Transportation Bill Clears House Committee

A five-year transportation bill has advanced in the House, but it has a long way to go before Americans should expect to see a final federal transportation policy emerge from Congress.

June 24, 2020, 5:00 AM PDT

By James Brasuell @CasualBrasuell

The Seat of Government

Dave Hosford / Flickr

"Democrats on a House committee voted late Thursday to send a far-reaching transportation bill to the full House, a key milestone in a process that faces an uncertain future," reports Michael Laris.

The five-year, nearly $500 billion funding bill, called the Invest in America Act, moves from the House Transportation Committee after two days of debate, according to Laris. 

Transportation Committee Chairman Peter A. DeFazio (D-Ore.) is touting the bill as progress toward a more environmentally-friendly approach to transportation planning and investment in the United States.

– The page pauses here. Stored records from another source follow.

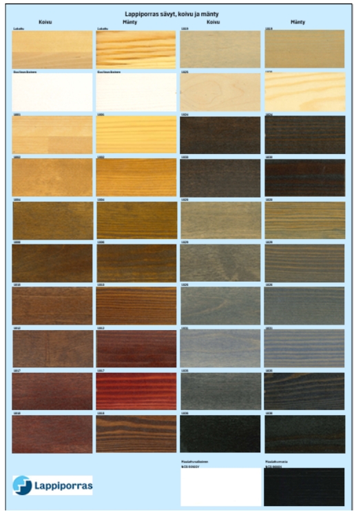 Parvelle johtavat portaat toimittaa kotimainen Lappiportaat. Voit valita puisten portaitten värisävyksi mieleisesi oheisista värivaihtoehdoista.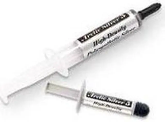 "Arctic Silver 5 High-Density Polysynthetic Silver Thermal Compound 12g AS5-12G. Arctic Silver 5 premium thermal compound, with 99.9 % pure micronized silver, is specifically designed to maximize the thermal conductivity between today's high-powered processors and high-performance cooling assemblies. Arctic Silver 5 uses three unique shapes and sizes of near-pure silver particles to maximize particle-to-particle contact area and thermal transfer. It can reduce CPU core temperatures by up to 50°F over standard silicone thermal pastes. Controlled triple phase viscosity allows Arctic Silver 5 to fill, over time, microscopic valleys and gaps in CPU and heatsink surfaces.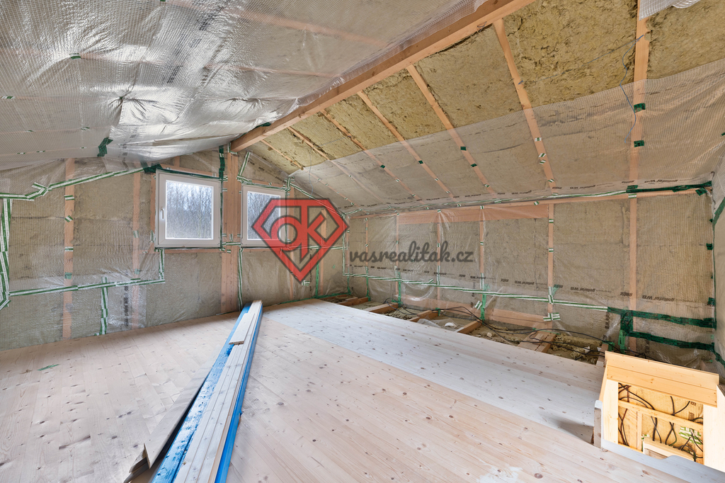- prozatím se jedná o jeden pokoj v přízemí s kuchyňským koutem, přípravu na koupelnu s toaletou a v prvním patře najdete druhý pokoj, který podle potřeby můžete zachovat, či rozdělit na dva.

According to Laris's explanation, the bill "puts more importance on maintaining failing roads and bridges than on building new highway capacity, and has as a central goal of reducing transportation-related pollution, the nation’s top source of greenhouse gases causing climate change."

Republicans on the committee oppose the new direction reflected in the bill, calling it the "My Way or the Highway Bill." 

Advocates like Yonah Freemark, on the other hand, have criticized the bill for spending far more on highways than on public transit, making it a climate bill in soundbites only. The New Urban Mobility alliance (NUMO), a coalition joining Lime, Lyft, the North American Bikeshare Association, Spin, Transit app, TransitScreen, Transportation for America, Uber and Via, sent to a letter to Congress before the bill passed committee asking for the five-year bill to do more in ensuring safe, equitable access to public transit and micomobility.

As noted by Laris, the House version of the bill is likely to undergo some significant changes to reconcile with any bill likely to pass in the Senate.